Norton argued that the left must oppose moves by governments to criminalise anti-choice bigots and, instead, our focus should be “exercising our own right to protest and fighting to overturn sexist abortion laws around Australia”.

Without going into the specifics of the bill, what’s worrying is how quick many leftists were to justify resorting to the state to settle our disputes and deal with our enemies on the right.

One such example is from Aussie Anarchist Meme Squat (AAMS), which responded, “As anarchists, we do what we do because fascists and bigots are allowed to organise openly without any intervention from the state … We protect communities from groups like these, because the state won’t”.

Without intending to tar all of Norton’s critics with the Meme Squat brush, the attitude to the state and the far right expressed in this quote represents a common misunderstanding of the relationship between these two forces.
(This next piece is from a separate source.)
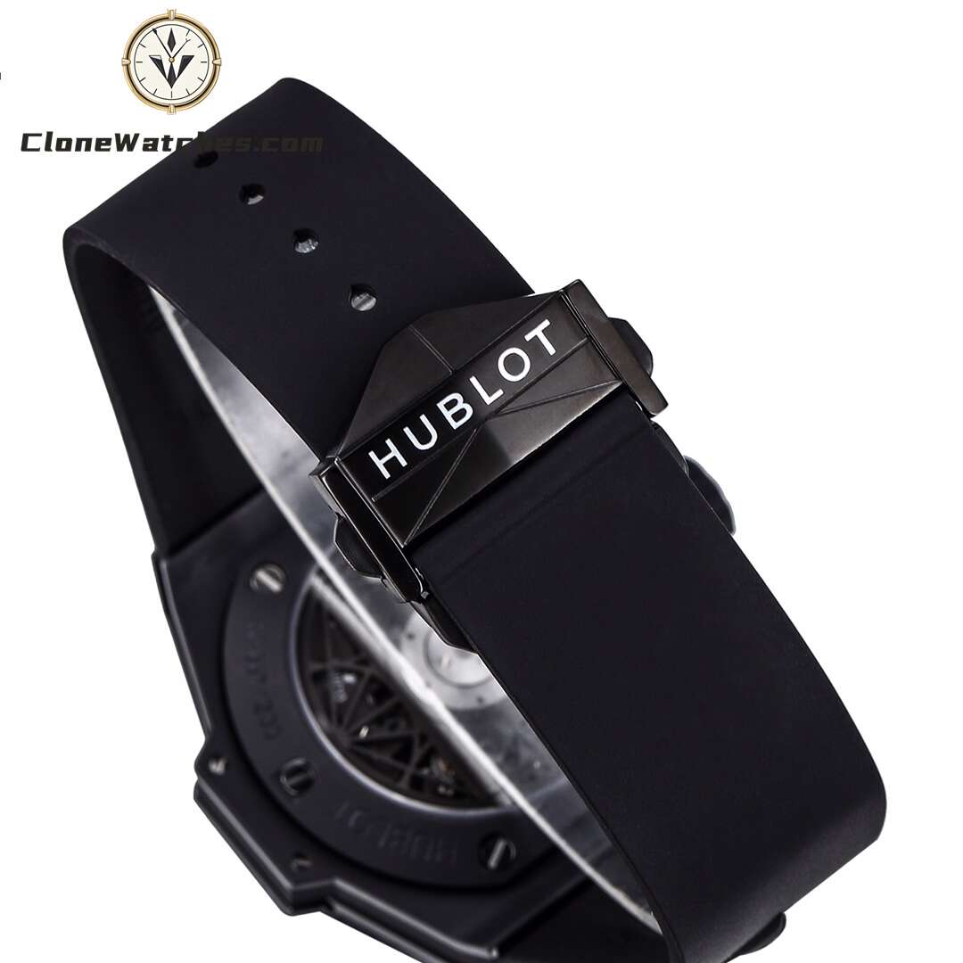 Clone Watches The case is made of up to 12 pieces of ceramic material. After polishing, satin, slicing, engraving, chamfering and faceting, it presents alternating hexagons, rhombuses and triangles, creating a harmonious and charming visual effect. Standard customized Hublot exclusive UNICO HUB 1240 automatic flyback chronograph movement, perfectly realized 4.5-digit hollow calendar ring and window, 3-digit 60-minute timing, 8-digit horizontal clutch, 9-digit small second wheel.
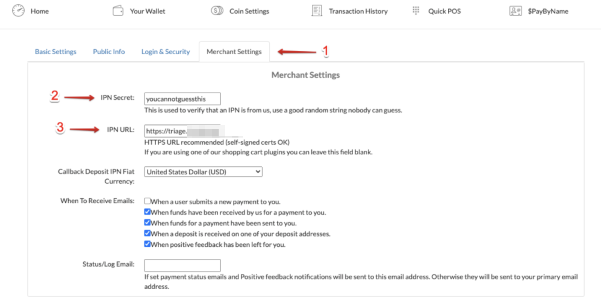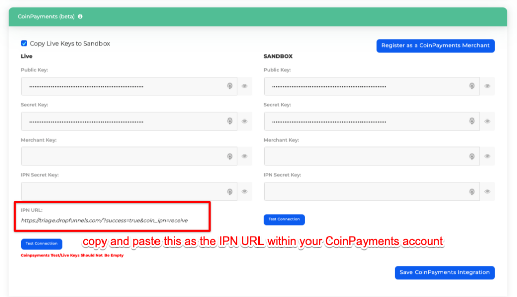 For the IPN URL, copy the link provided inside your COA account and paste it inside the IPN URL field inside your CoinPayments account

There’s a logic inherent in the state that tends towards the expansion and strengthening of its repressive apparatus. Over the last 30 years, that trend has accelerated. Implementing brutal neoliberal economic policies, such as cuts to welfare and the undermining of working class living conditions, has gone hand in glove with attacks on our right to organise, protest and strike.

The “war on terror” has also provided a vehicle to undermine the rights of individuals via the expansion of surveillance, the militarisation of police and so on.

An example of these two factors coming together was in the immediate aftermath of the Bataclan terrorist attack in Paris in November 2015. President François Hollande announced a six-month state of emergency, which gave police more powers.

One of their first targets was climate activists who had converged on Paris for that year’s climate summit. Under the state of emergency, they were placed under house arrest. Today, the state of emergency lives on under president Emmanuel Macron. What was supposed to be a state of exception has become permanent.

The left should oppose this logic of constant expansion of the state’s repressive apparatus – which includes branches of the police and the prisons. It’s a logic that goes unquestioned by both sides of mainstream politics.

In that light, Norton’s speculation about whether the safe access zones could be used against striking workers is beside the point. The NSW MPs did not manufacture this bill to find a sneaky way of repressing strikes. The bill is what it says it is. But that’s the problem: the left taking up the criminalisation of the far right’s behaviour as our demand, rather than seeking to build mass movements – “performative rallies” according to AAMS – that can push back against the far right.

While the more extreme elements of the far right are sometimes caught and punished by the state, overall the logic of increasing state repression has converged neatly with the interests of the far right. Liz Fekete, in Europe’s Fault Lines, enumerates how the “battlefield of crime and punishment” provides opportunities for the far right to grow and organise.

One avenue is through the outsourcing of policing to private security firms affiliated to far right groups that commonly provide “security” for asylum seeker welcome centres in Europe.

Tougher sentencing laws also fit with the far right’s agenda. The toughest sentence of all – the reintroduction of the death penalty – is a universal demand of Europe’s far right.

The European far right is closely intertwined with the repressive state. Top police officials in Hungary, France and Greece have appeared on far right electoral lists. In 2012, more than half of Greek police officers voted for the neo-Nazi Golden Dawn. In France just before the 2017 presidential election, a poll indicated that 65 percent of gendarmerie intended to vote for the fascist Marine Le Pen.

When far right groups win power, even at a local level, the first laws and regulations they pass are almost always repressive and censorious.

This is not a defence of the pro-lifers’ “right to protest”, and if any of these bigots end up charged under NSW’s new safe access zone laws, I wouldn’t be running some defence campaign. However, it’s important that the left maintains hostility to state repression.